OECD, IMF, BM ve Dünya Bankası Grubu tarafından hazırlanacak ve gelişmekte olan ülkelerin, yarı işlenmiş minerallerin fiyatlandırması ile güvenli limanlara ilişkin olanlar da dâhil olmak üzere, transfer fiyatlandırmalarına ilişkin mukayese edilebilir veri üretmede karşılaştığı zorluklar konusunda kendilerine yardımcı olacak gönüllülük esasına dayalı politika setini bekliyoruz.

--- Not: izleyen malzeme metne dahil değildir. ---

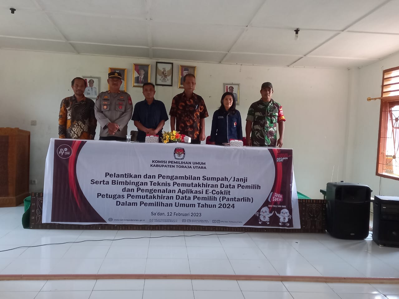Sebanyak ratusan Anggota Pantarlih Pemilu 2024 dilantik dan diambil sumpahnya yang tersebar pada 21 Kecamatan yang ada di Kabupaten Toraja Utara dengan masa kerja di mulai tanggal 12 Februari – 14 April 2023.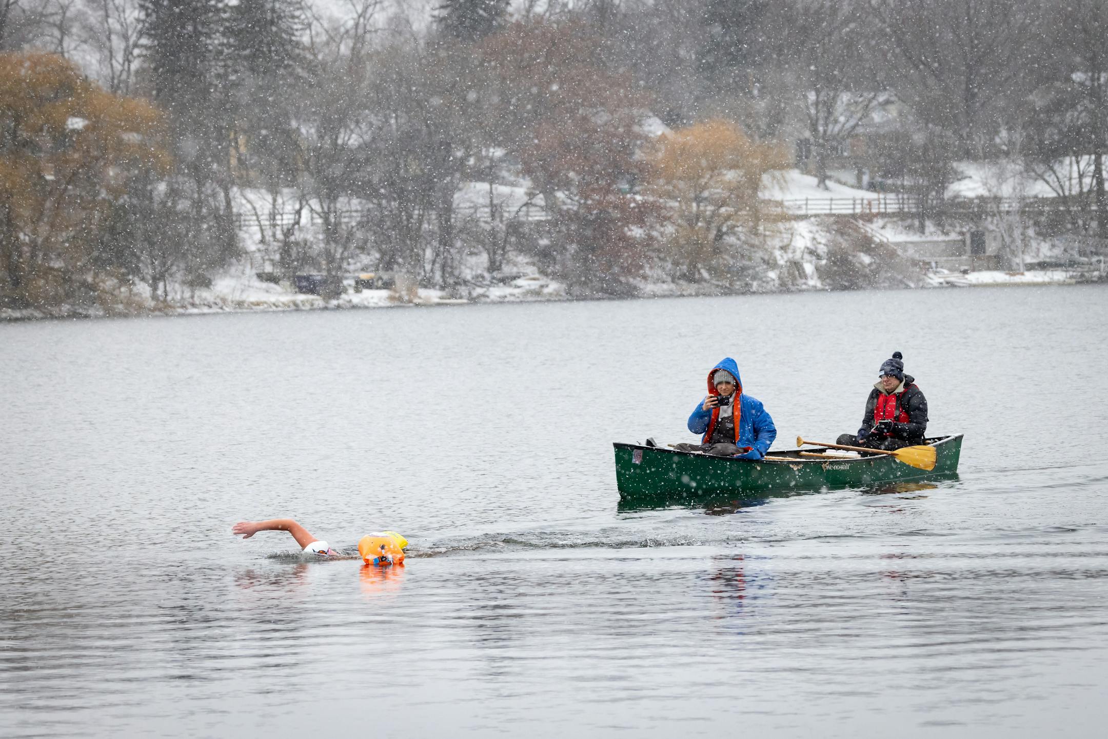 Heather Lendway, a member of Koeck’s swimming friends group, was in the bow of a canoe to ensure Koeck was physically OK. Robert King was the witness and took water temperature readings. Flakes of ice formed on the gunwales and crusted the temperature gauges.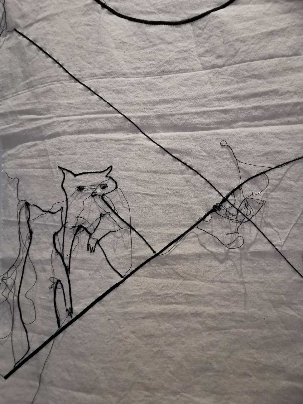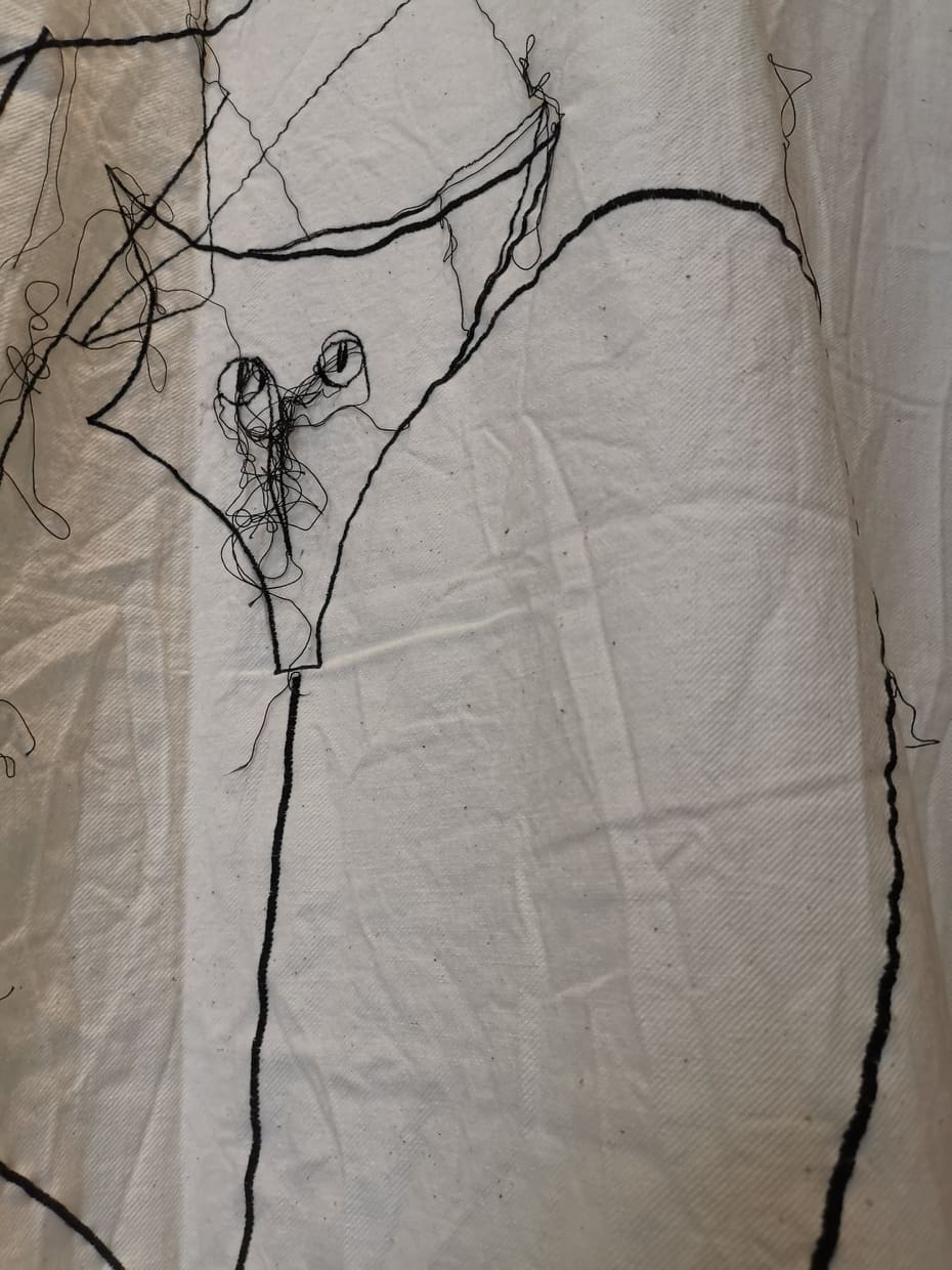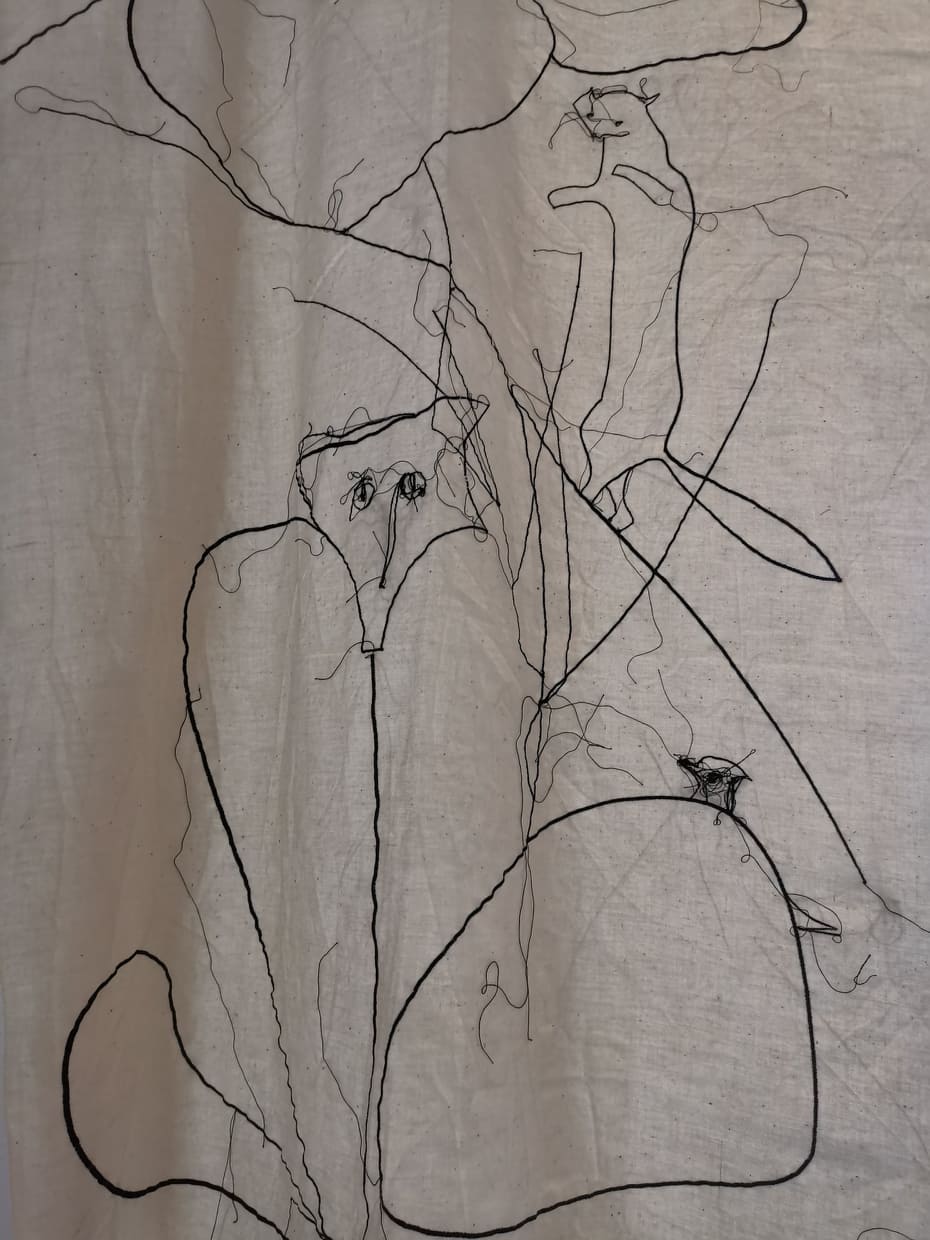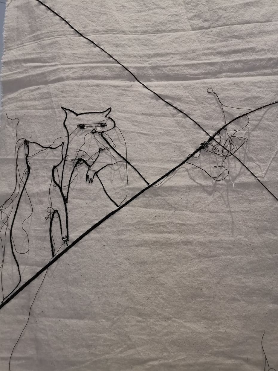Me l’aveva segnalata una mia amica innamorata di quest’artista sarda e così ieri sono andata con lei a milano a vedere un’inedito della Lai “Legarsi alle montagne” nonchè l’illustrazione cucita di una fiaba.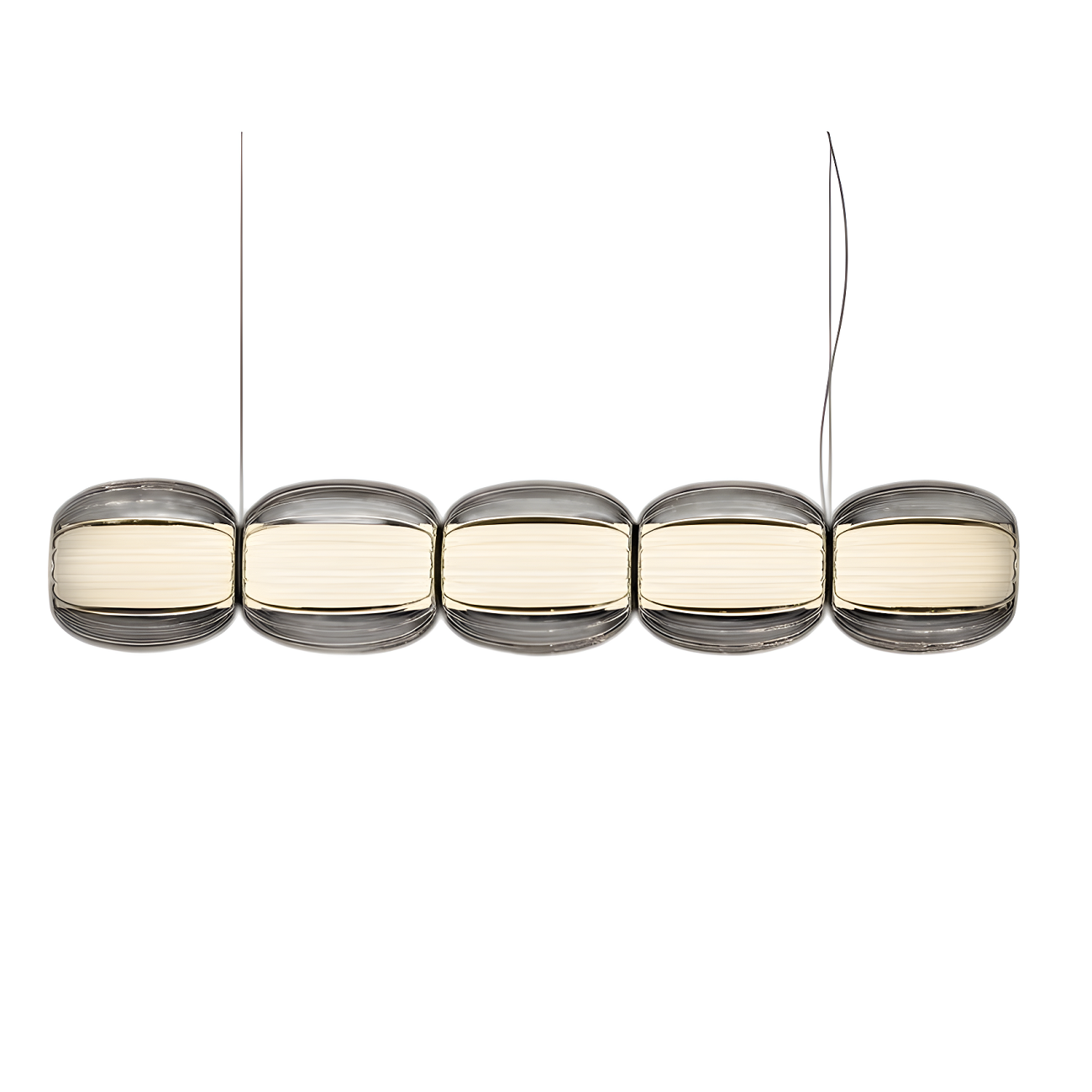 Семейство Alma предлагает три универсальные версии прозрачного плафона: дымчатый, янтарный и сливовый, отличные по форме в зависимости от серии. Металлическое основание в благородной отделке Golden nickel. Стоимость указана за подвесной светильник Alma серии Multipla в дымчатом абажуре Fumé. Высокий индекс цветопередачи CRI>90 обеспечивает максимально естественное восприятие окружающих оттенков, приближенное к дневному освещению. Драйвер, коаксиальный кабель и два стальных троса максимальной высотой 200см входят в комплект. Возможно увеличение длины кабеля до 500см. Поддержка диммирования Phase cut/Triac, по запросу — DALI, 1-10V или Casambi.

Mali Eylem Görev Gücü’nü (Financial Action Task Force – FATF) ve FATF benzeri bölgesel yapıları, terörizmin finansmanı konusuna odaklanmaya, önümüzdeki dönem çalışmalarında işbirliğini geliştirmeye ve terörizmin finansmanı ile kara paranın aklanması noktasında suiistimal edilmeleri riskini azaltmak amacıyla, ödeme sistemlerinin şeffaflığının geliştirilmesine ilişkin rehberler geliştirmeye davet ediyoruz. Bu kapsamda, 2015 yılının Ekim ayında bize gelişmeleri ve terörizmle mücadeleye ilişkin araçların güçlendirilmesine ilişkin tekliflerini sunmalarını bekliyoruz.
İklim Finansmanı Çalışma Grubu’ndan 2014 İlerleme Raporu’nda önerilen çalışma başlıkları ile uyumlu şekilde ve ilgili Uluslararası Kuruluşlar ile işbirliği içerisinde çalışmalarını sürdürmesini ve Nisan toplantımızda bize bilgi vermesini istiyoruz. Paris’te gerçekleştirilecek
- Taraflar Konferansı (COP21)’den olumlu bir sonuç alınmasını bekliyor ve uluslararası finansal kuruluşlardan iklim finansmanında işbirliklerini derinleştirmelerini istiyoruz.